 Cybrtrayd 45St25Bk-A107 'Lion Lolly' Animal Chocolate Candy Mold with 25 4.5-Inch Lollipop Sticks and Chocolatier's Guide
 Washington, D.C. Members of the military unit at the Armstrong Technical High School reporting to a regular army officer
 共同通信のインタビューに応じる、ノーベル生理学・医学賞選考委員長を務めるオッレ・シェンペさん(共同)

■ ■ ■ ■

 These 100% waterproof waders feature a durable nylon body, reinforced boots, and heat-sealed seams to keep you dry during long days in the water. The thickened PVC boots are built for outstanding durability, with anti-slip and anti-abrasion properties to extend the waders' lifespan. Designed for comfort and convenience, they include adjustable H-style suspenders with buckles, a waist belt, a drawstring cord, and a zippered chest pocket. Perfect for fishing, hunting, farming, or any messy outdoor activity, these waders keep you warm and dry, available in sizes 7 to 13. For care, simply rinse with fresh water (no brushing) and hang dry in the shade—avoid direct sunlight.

■ ■ ■ ■

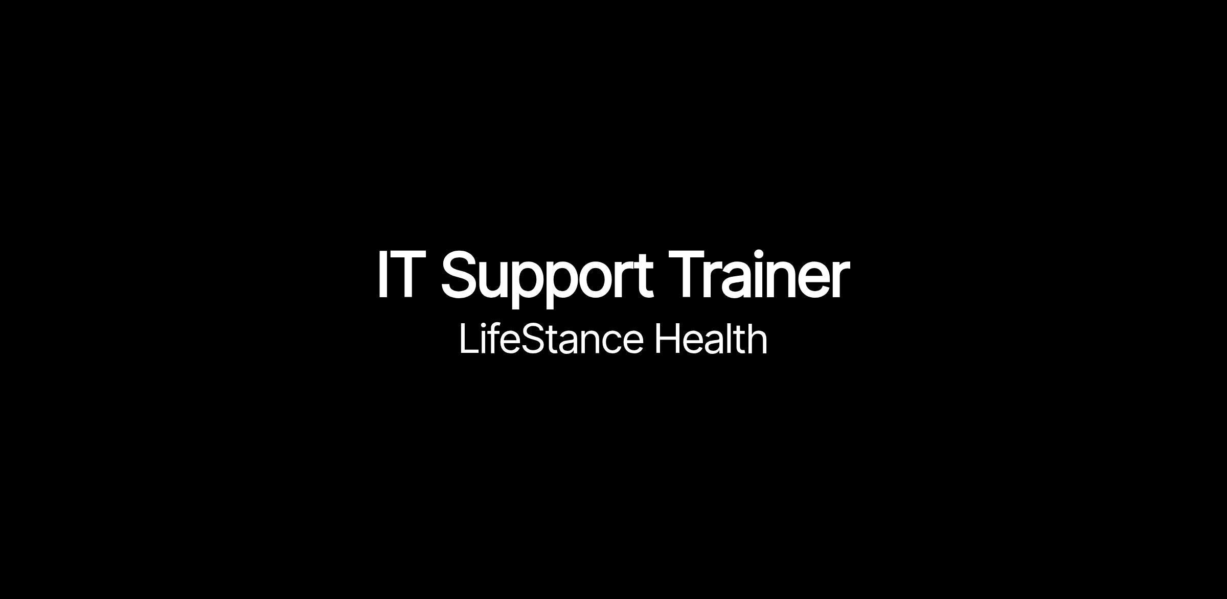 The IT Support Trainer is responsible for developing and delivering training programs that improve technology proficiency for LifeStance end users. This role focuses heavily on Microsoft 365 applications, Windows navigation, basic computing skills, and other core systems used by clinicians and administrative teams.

■ ■ ■ ■

In the records above, the line with "Cybrtrayd 45St25Bk-A107 'Lion" marks the start and the line with "共同通信のインタビューに応じ" marks the end; copy that stretch exactly, both lines included, and nothing else.

 Cybrtrayd 45St25Bk-A107 'Lion Lolly' Animal Chocolate Candy Mold with 25 4.5-Inch Lollipop Sticks and Chocolatier's Guide
 Washington, D.C. Members of the military unit at the Armstrong Technical High School reporting to a regular army officer
 共同通信のインタビューに応じる、ノーベル生理学・医学賞選考委員長を務めるオッレ・シェンペさん(共同)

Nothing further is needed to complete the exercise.